• Assignment
Take the entries that follow and return exactly the lines from the one holding "新デザインでは指先にもブラシ" through the one holding "7月7日,星源材质发布公告称", both included. Nothing else is needed.

• Extracted data
******************************

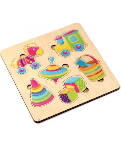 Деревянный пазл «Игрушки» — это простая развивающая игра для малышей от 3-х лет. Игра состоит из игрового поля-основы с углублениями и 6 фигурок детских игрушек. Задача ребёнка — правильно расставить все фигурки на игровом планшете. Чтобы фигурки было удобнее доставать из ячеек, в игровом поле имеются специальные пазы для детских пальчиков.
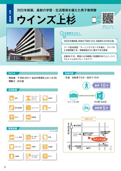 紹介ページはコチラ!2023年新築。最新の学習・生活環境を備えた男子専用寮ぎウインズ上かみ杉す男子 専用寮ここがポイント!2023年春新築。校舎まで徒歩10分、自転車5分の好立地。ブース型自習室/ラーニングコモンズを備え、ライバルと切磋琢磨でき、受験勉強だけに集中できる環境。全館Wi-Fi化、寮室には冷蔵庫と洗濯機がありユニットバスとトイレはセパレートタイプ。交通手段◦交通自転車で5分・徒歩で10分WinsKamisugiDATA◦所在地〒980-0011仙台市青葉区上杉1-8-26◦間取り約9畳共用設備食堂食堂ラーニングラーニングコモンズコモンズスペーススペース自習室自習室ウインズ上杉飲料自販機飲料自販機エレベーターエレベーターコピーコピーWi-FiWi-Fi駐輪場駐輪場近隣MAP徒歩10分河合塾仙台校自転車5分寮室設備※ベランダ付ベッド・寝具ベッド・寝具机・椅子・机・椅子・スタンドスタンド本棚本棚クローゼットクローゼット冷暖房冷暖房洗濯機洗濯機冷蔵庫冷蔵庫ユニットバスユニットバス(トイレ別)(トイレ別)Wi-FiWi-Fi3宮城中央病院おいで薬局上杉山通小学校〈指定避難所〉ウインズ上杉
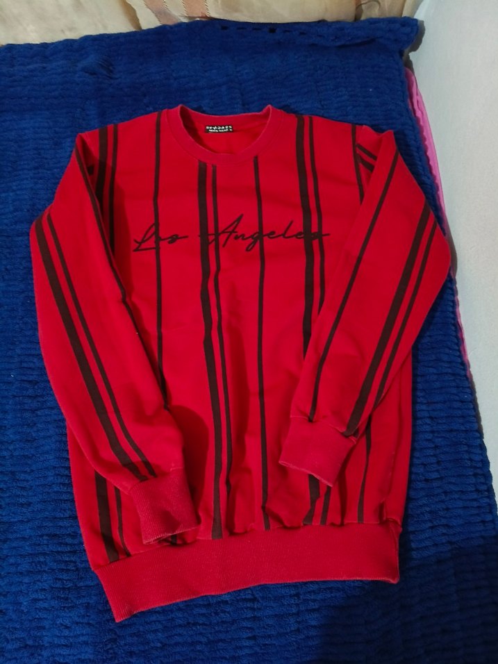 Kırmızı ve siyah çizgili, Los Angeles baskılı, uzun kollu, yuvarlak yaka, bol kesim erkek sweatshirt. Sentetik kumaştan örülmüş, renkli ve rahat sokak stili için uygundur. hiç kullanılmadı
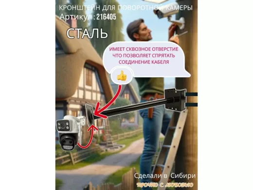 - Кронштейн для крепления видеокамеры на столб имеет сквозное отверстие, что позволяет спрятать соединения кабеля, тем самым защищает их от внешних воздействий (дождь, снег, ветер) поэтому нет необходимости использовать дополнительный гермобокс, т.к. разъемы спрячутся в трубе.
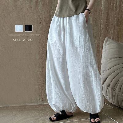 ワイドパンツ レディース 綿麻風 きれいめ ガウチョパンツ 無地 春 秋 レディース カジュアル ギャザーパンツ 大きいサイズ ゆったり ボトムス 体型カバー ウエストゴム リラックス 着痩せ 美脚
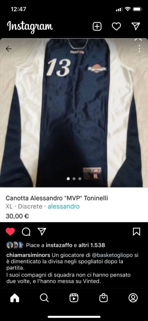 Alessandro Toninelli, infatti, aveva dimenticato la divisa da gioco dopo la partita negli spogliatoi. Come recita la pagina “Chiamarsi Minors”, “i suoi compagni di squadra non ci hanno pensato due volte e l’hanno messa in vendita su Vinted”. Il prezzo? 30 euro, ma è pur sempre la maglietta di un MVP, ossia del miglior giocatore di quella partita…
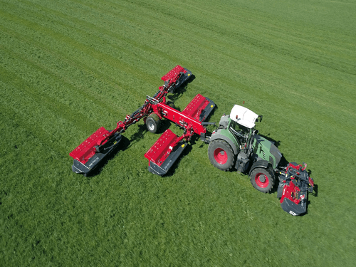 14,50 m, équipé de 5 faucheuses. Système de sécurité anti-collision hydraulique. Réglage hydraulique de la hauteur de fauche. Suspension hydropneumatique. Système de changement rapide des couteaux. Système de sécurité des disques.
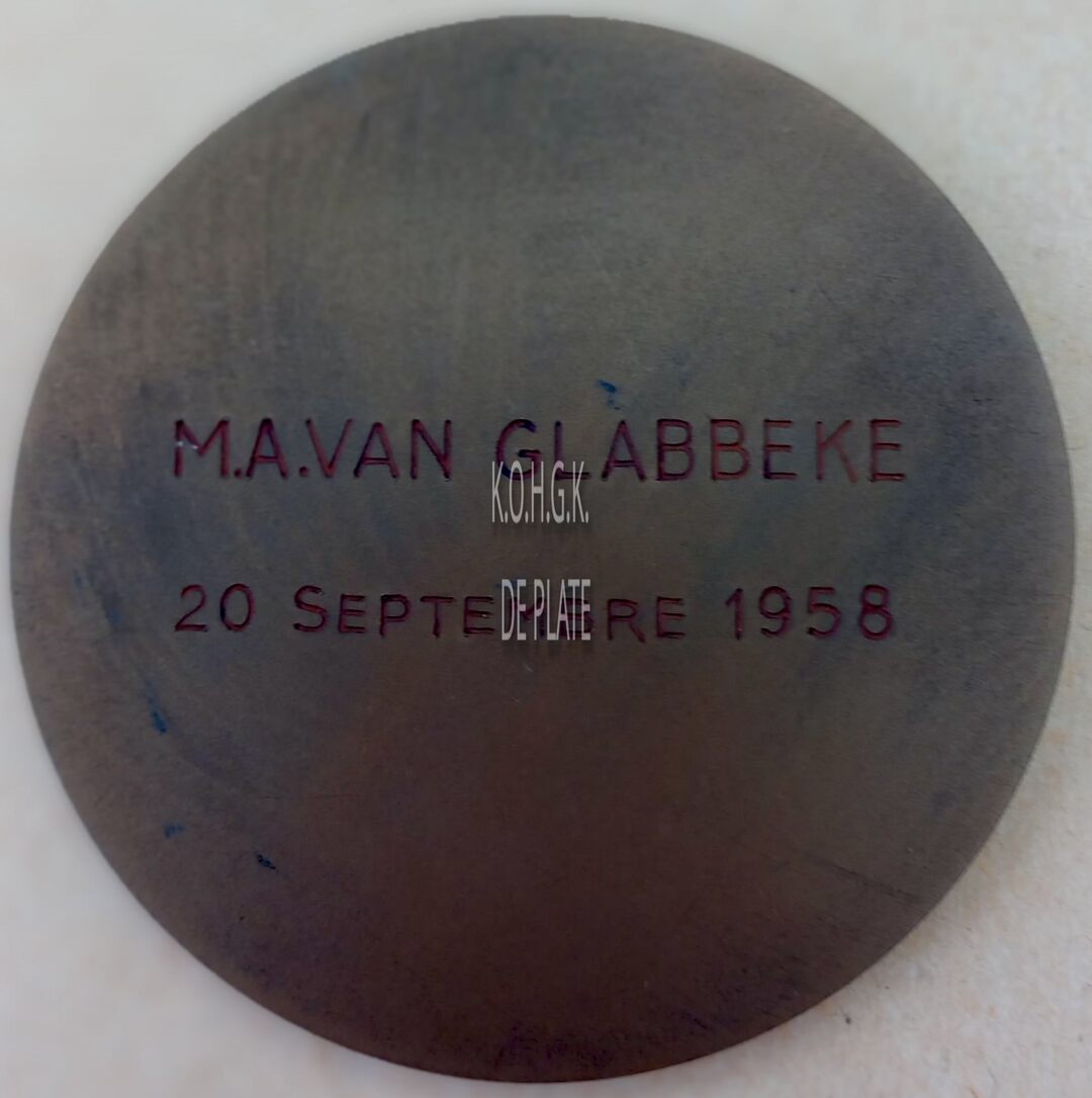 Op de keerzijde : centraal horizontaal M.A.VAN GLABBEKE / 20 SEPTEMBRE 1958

******************************

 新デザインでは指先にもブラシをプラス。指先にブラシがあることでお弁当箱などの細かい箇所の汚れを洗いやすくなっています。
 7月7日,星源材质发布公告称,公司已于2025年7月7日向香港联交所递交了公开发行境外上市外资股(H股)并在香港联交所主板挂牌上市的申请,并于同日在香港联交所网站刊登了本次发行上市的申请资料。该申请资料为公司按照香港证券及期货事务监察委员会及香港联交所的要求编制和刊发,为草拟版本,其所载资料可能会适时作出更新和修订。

******************************

• Solution
 新デザインでは指先にもブラシをプラス。指先にブラシがあることでお弁当箱などの細かい箇所の汚れを洗いやすくなっています。
 7月7日,星源材质发布公告称,公司已于2025年7月7日向香港联交所递交了公开发行境外上市外资股(H股)并在香港联交所主板挂牌上市的申请,并于同日在香港联交所网站刊登了本次发行上市的申请资料。该申请资料为公司按照香港证券及期货事务监察委员会及香港联交所的要求编制和刊发,为草拟版本,其所载资料可能会适时作出更新和修订。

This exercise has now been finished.